• Vol. 03
  • Chapter 02

Forget About Monkeys

They didn’t notice at first. They’d always said polite things about their friend’s indistinct pictures, the vaguely embarrassing announcement of body parts inside someone else’s womb.

They thought suggestions of a dainty nose or long fingers amongst the random swirls of moony white were good for beer-laughs, the kind of crap that signalled the onset of middle age.

So the shape in the darkness meant little to them for whole seconds, minutes maybe, as the jellied plastic was pressed over and over her pliant stomach while they held damp hands. But the head, when it was found, was a shining, all-jaw structure that made the technician narrow her eyes to cracks and press some kind of alarm.

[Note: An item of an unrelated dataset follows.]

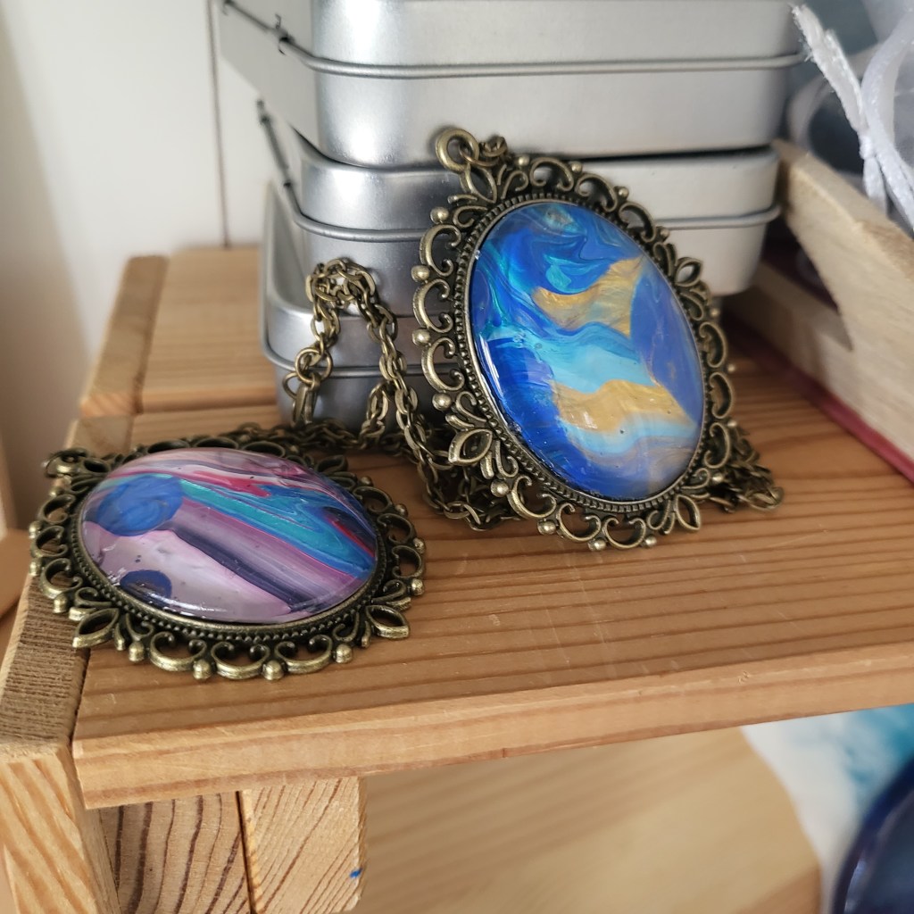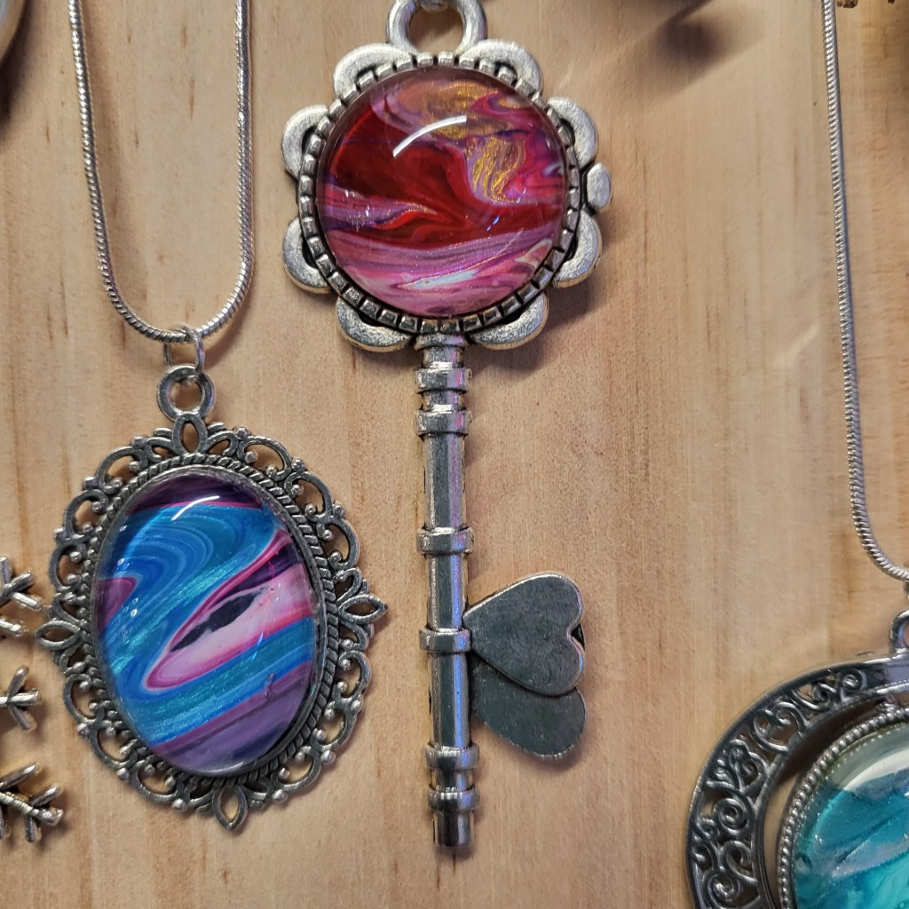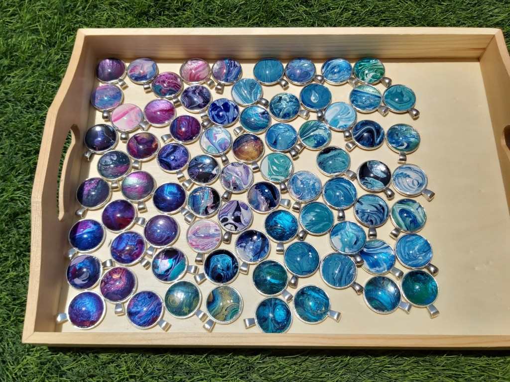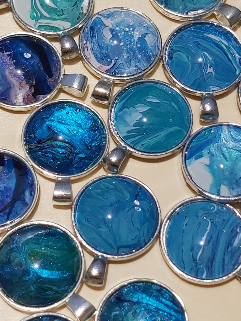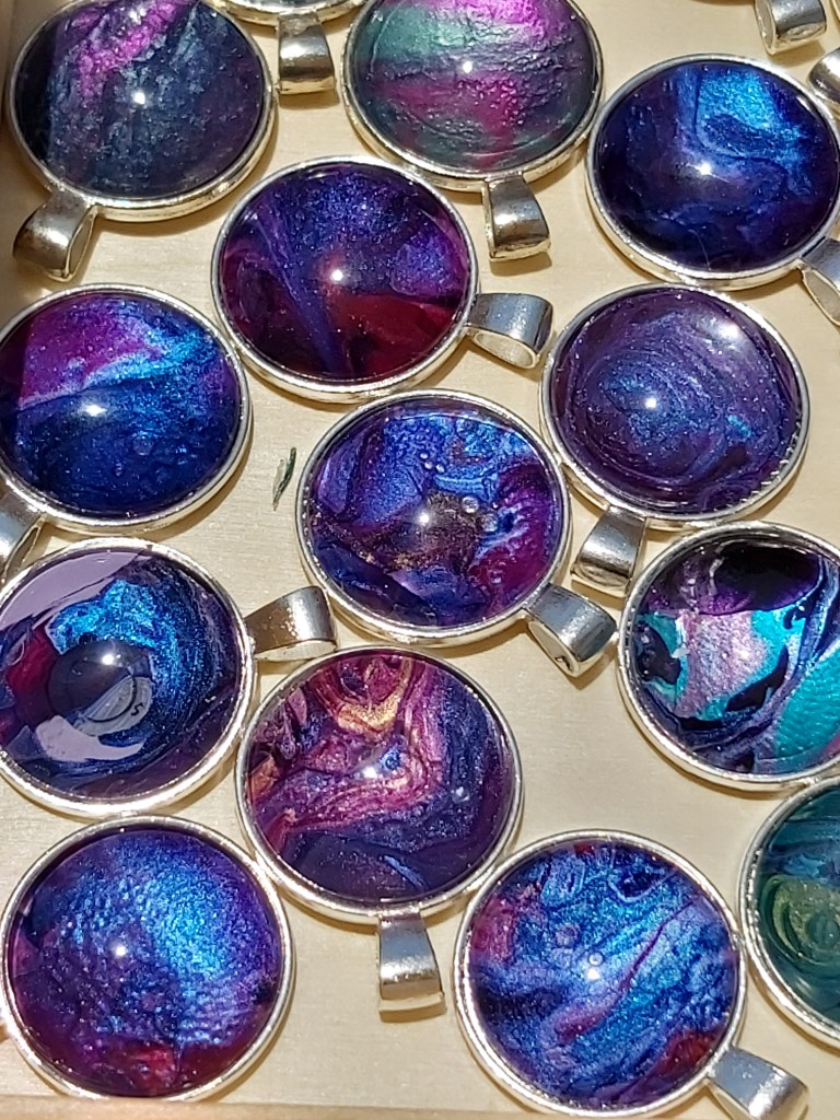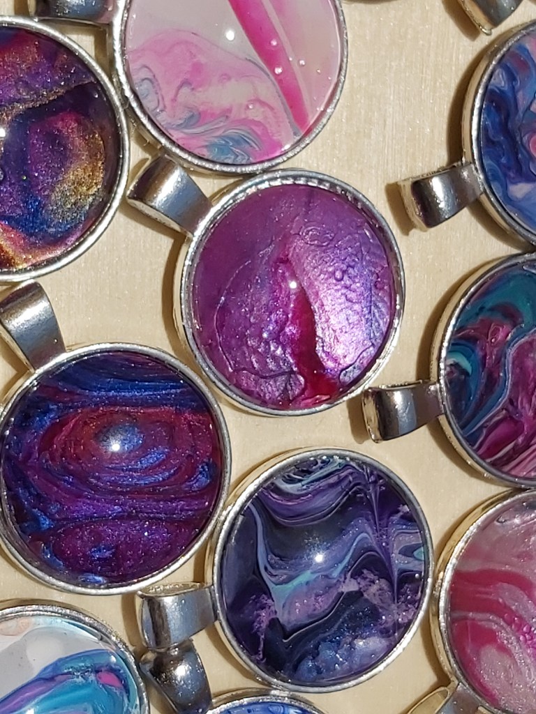 These pretty pendants are made from dried acrylic paint left on my tabletop after creating Dutch pour artwork. Each piece is completely unique and completed with a glass cabochon. Can be put on a chain to be made into a necklace, or put on a keychain ring to make a keyring. Sold individually or in sets, and would make a great party favour.

A doctor came from nowhere, and then another, too stark in their clean coats for the little sweat-smelling room, for the roving presence on the screen.

She thought of Sunday pursuits with her father, the endless dangle of the rod, the paint can that squirmed with life as forbidden as her parent’s bedroom. One hour the bored surface was shattered by a single great mouth, a prehistoric gape, all skull and no brain, a slithering victory.

He thought of other dark waters, unfathomable pressures, wildlife documentaries that reveal an alien world beneath us, under the place where we swim and kick, nearly naked, trying for fun when all that reality is lurking.

They let go of each other’s hands at the same moment. The full creature was all there, the stubborn pursed mouth flowing into scale after scale, the cold blood visible in webs as unfamiliar as leaves, the body a split strip, a waving torso yet to grow legs.